SOURCE MATERIAL ▸
§

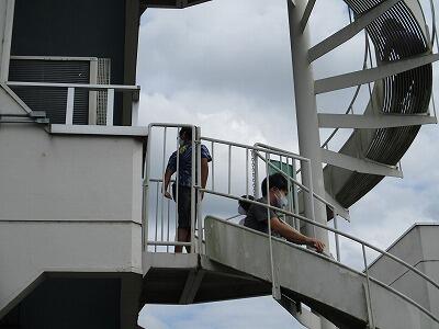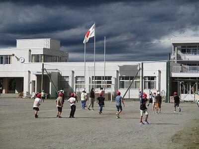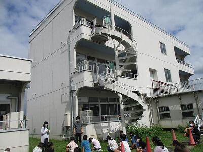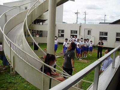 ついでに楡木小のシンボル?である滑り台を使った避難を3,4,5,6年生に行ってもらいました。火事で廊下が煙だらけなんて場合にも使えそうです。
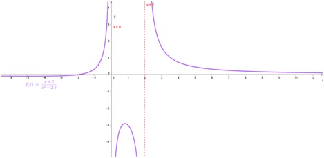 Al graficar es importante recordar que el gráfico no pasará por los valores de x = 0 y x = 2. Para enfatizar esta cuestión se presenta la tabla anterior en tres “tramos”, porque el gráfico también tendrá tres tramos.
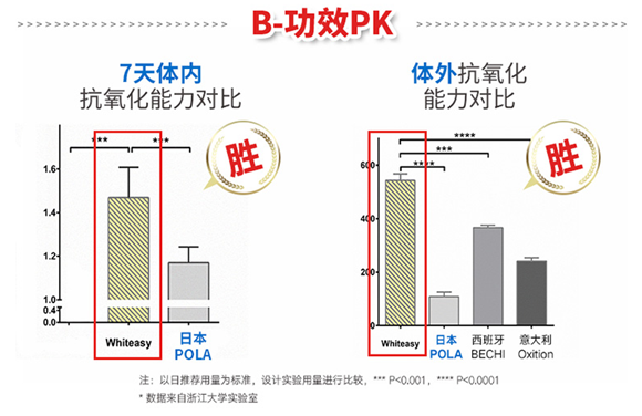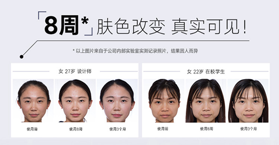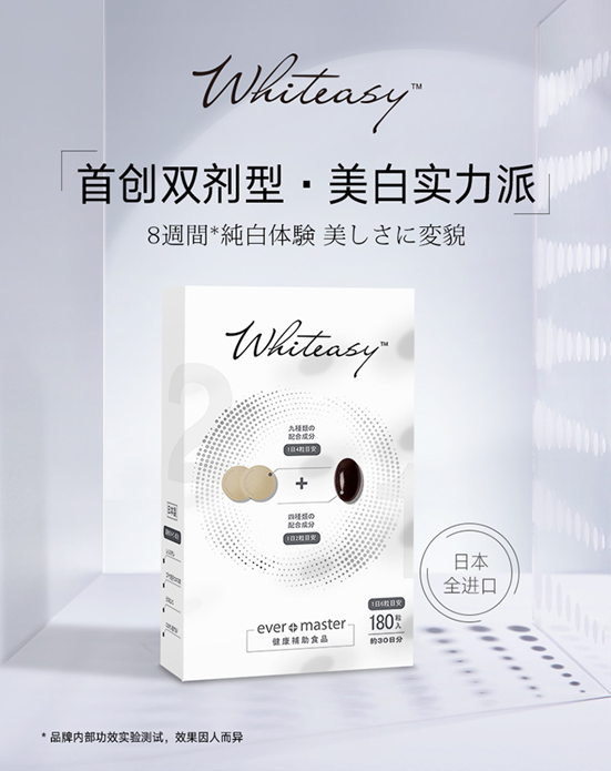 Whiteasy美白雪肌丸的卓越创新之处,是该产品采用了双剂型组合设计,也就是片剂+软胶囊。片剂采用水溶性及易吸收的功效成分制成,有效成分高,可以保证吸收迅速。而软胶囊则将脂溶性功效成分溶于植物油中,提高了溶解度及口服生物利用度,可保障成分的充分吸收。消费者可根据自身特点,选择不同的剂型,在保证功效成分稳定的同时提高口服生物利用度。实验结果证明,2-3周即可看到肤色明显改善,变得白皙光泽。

§

The result should be the same data as above, line for line, with the pictures gone.

 ついでに楡木小のシンボル?である滑り台を使った避難を3,4,5,6年生に行ってもらいました。火事で廊下が煙だらけなんて場合にも使えそうです。
 Al graficar es importante recordar que el gráfico no pasará por los valores de x = 0 y x = 2. Para enfatizar esta cuestión se presenta la tabla anterior en tres “tramos”, porque el gráfico también tendrá tres tramos.
 Whiteasy美白雪肌丸的卓越创新之处,是该产品采用了双剂型组合设计,也就是片剂+软胶囊。片剂采用水溶性及易吸收的功效成分制成,有效成分高,可以保证吸收迅速。而软胶囊则将脂溶性功效成分溶于植物油中,提高了溶解度及口服生物利用度,可保障成分的充分吸收。消费者可根据自身特点,选择不同的剂型,在保证功效成分稳定的同时提高口服生物利用度。实验结果证明,2-3周即可看到肤色明显改善,变得白皙光泽。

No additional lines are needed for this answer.